Assignment: Go to the line with "Cara Membuat Daftar" in the material below and copy from there through the line with "Mate de Cuero y Alpaca con Bombilla Escudo", exactly. Pictures are not copied.
** Data under study follows **
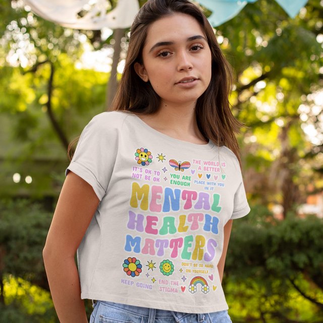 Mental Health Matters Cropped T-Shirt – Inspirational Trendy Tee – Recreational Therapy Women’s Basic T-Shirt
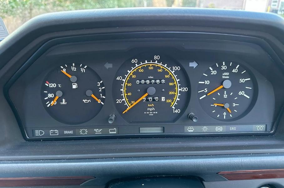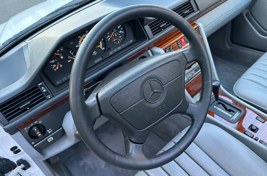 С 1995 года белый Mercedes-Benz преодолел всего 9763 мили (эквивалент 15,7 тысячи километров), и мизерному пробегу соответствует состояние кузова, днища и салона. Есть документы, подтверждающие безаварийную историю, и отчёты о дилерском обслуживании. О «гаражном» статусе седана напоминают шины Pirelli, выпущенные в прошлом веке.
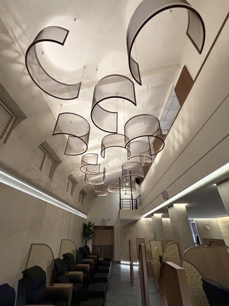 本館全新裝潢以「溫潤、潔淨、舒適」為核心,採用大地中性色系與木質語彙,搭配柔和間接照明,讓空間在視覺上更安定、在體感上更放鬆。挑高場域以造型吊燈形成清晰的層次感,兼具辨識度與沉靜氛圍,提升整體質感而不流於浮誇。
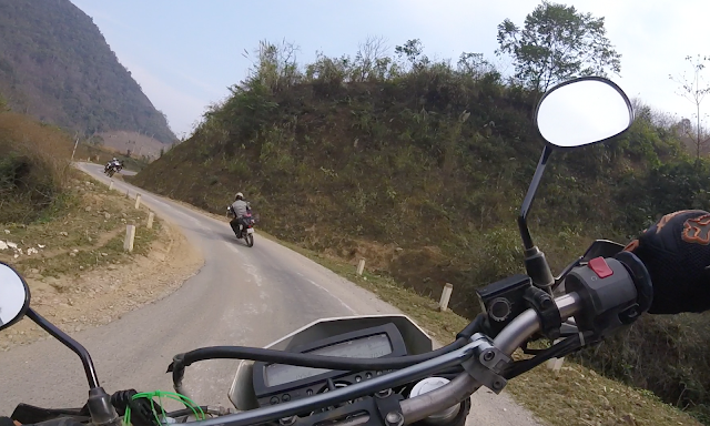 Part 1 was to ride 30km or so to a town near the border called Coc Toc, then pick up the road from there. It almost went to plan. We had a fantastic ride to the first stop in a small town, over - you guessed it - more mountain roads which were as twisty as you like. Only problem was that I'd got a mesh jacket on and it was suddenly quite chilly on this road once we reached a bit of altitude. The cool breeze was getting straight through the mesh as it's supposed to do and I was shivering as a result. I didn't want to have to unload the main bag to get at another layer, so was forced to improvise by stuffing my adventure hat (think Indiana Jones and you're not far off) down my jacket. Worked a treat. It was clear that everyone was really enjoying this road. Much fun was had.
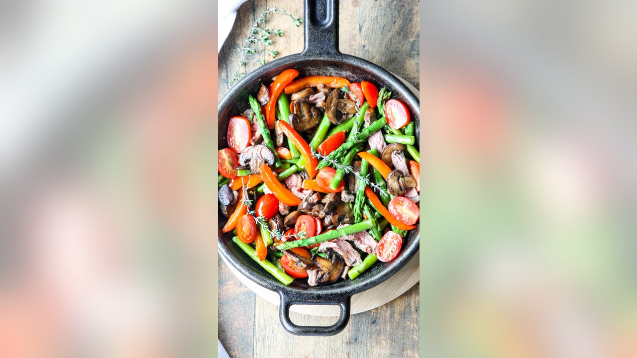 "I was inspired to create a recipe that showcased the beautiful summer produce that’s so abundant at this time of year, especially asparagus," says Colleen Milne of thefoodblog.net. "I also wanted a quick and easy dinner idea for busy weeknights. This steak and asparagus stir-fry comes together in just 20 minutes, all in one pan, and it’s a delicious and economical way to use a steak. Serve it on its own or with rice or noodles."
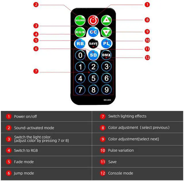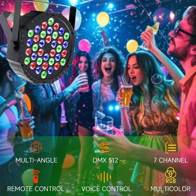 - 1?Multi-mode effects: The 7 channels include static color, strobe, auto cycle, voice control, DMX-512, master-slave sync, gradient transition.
** End of Data under study **
** Data under study follows **
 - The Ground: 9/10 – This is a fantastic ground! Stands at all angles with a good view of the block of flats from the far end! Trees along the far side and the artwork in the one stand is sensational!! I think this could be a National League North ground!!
** End of Data under study **
** Data under study follows **
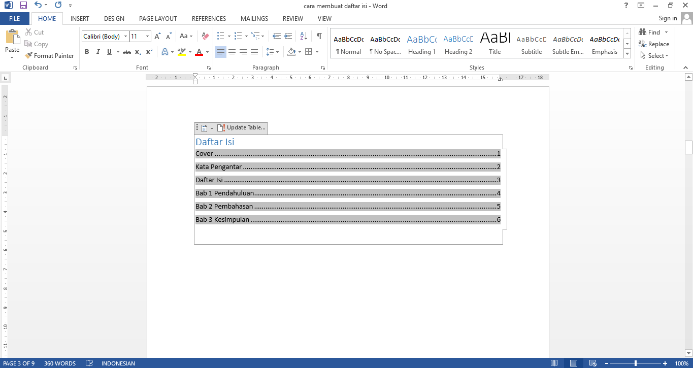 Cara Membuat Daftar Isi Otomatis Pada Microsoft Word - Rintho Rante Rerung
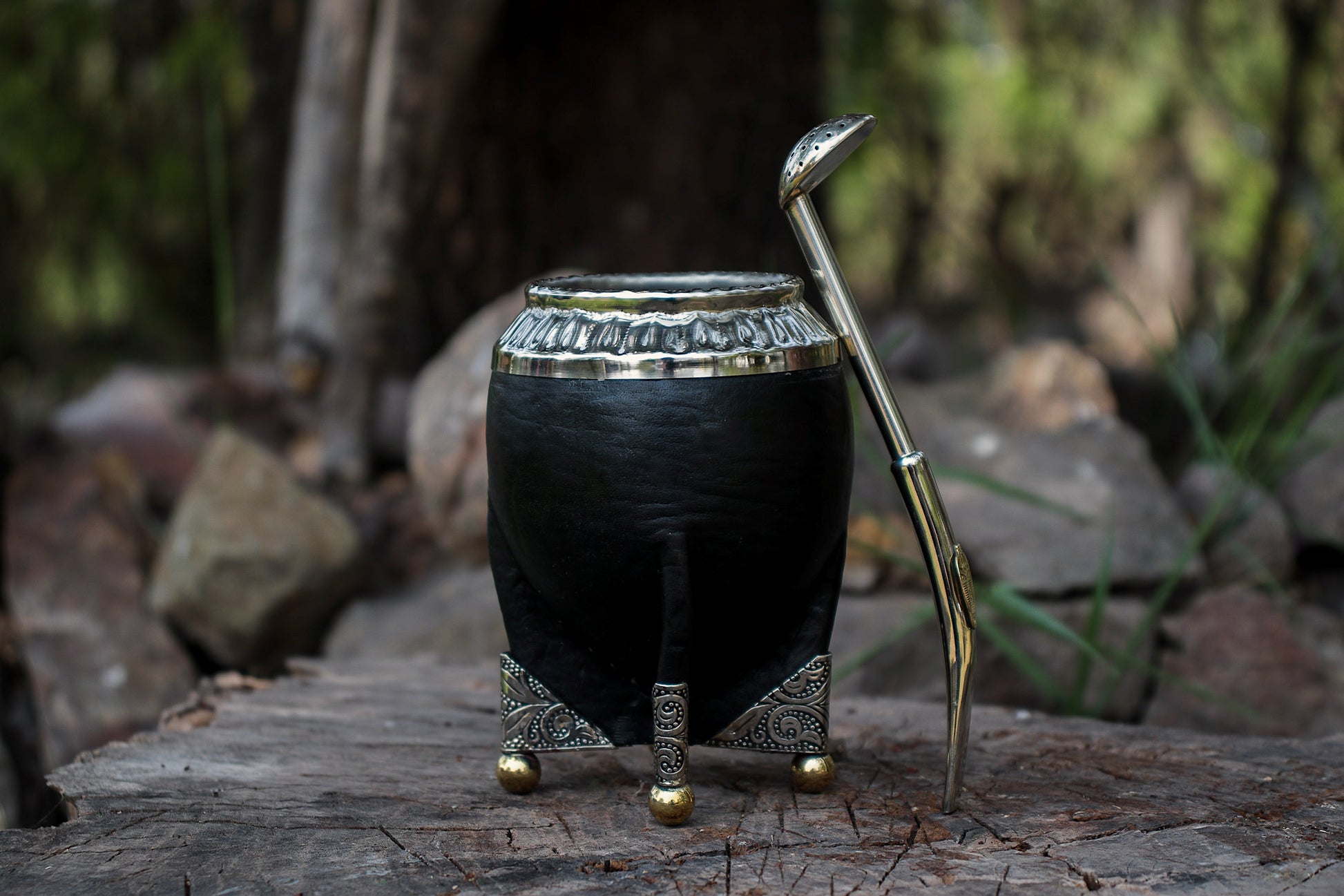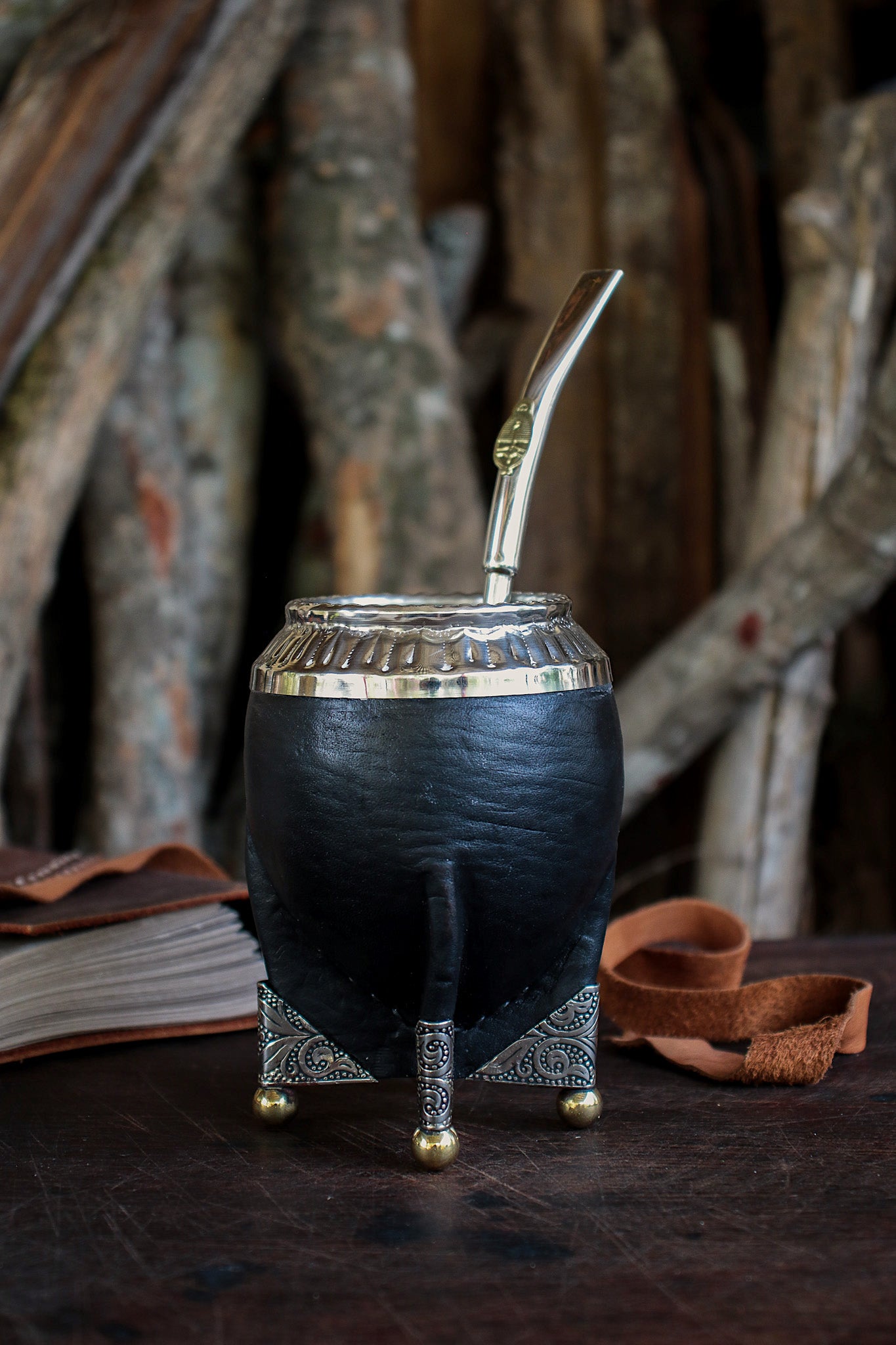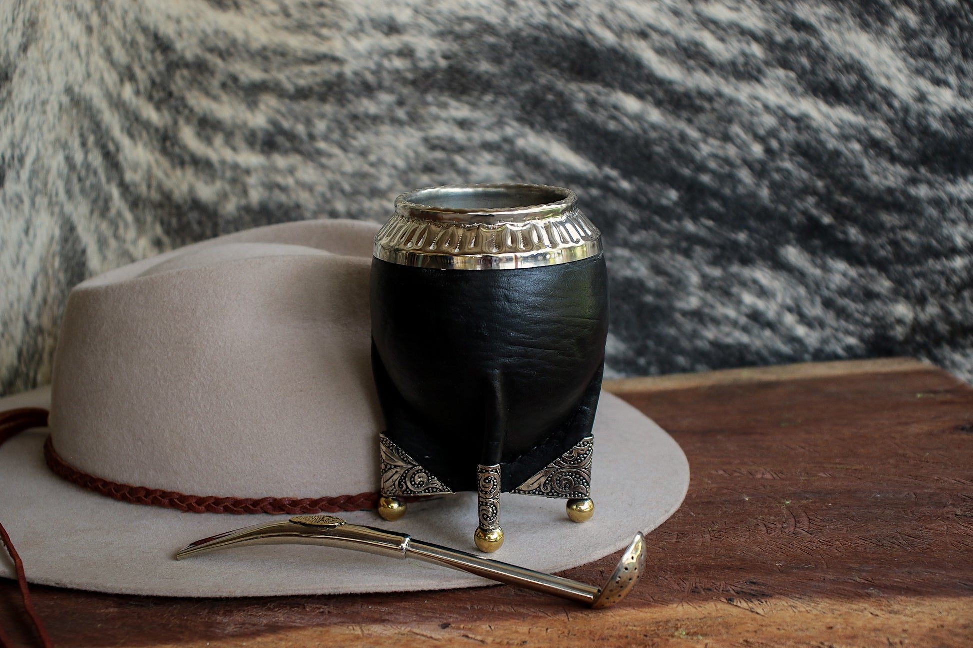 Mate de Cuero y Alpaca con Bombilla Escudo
** End of Data under study **
Answer to this task:
 Cara Membuat Daftar Isi Otomatis Pada Microsoft Word - Rintho Rante Rerung
 Mate de Cuero y Alpaca con Bombilla Escudo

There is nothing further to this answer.